● **TRY IT**
After removing every image, reproduce the data exactly as it appears.

● **SOURCE MATERIAL**
::::::::::
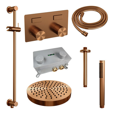 Brauer Stripe thermostatische inbouw regendouche met drukknoppen SET 33 met 25 cm douchekop en plafondarm en staaf handdouche en doucheslang en geïntegreerde glijstang koper geborsteld PVD | Geborsteld koper PVD | Ja | Plafondbuis | Staafhanddouche
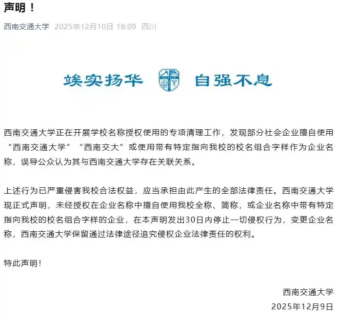 2025年12月10日,西南交通大學(xué)發(fā)表聲明稱,該校正在開(kāi)展學(xué)校名稱授權(quán)使用的專項(xiàng)清理工作,發(fā)現(xiàn)部分社會(huì)企業(yè)擅自使用“西南交通大學(xué)”“西南交大”或使用帶有特定指向該校的校名組合字樣作為企業(yè)名稱,誤導(dǎo)公眾認(rèn)為其與西南交通大學(xué)存在關(guān)聯(lián)關(guān)系。
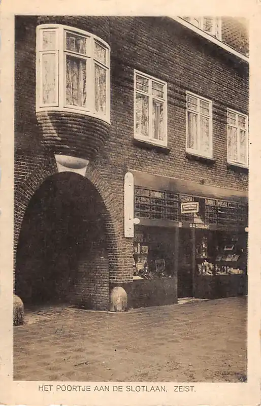 D.A. Bouman, Boekhandel Slotlaan b. Zeist. Gelopen ansichtkaart met stempel jaren 20; postzegel verwijderd; zie de scans.
::::::::::
● **EXERCISE RESULT**
 Brauer Stripe thermostatische inbouw regendouche met drukknoppen SET 33 met 25 cm douchekop en plafondarm en staaf handdouche en doucheslang en geïntegreerde glijstang koper geborsteld PVD | Geborsteld koper PVD | Ja | Plafondbuis | Staafhanddouche
 2025年12月10日,西南交通大學(xué)發(fā)表聲明稱,該校正在開(kāi)展學(xué)校名稱授權(quán)使用的專項(xiàng)清理工作,發(fā)現(xiàn)部分社會(huì)企業(yè)擅自使用“西南交通大學(xué)”“西南交大”或使用帶有特定指向該校的校名組合字樣作為企業(yè)名稱,誤導(dǎo)公眾認(rèn)為其與西南交通大學(xué)存在關(guān)聯(lián)關(guān)系。
 D.A. Bouman, Boekhandel Slotlaan b. Zeist. Gelopen ansichtkaart met stempel jaren 20; postzegel verwijderd; zie de scans.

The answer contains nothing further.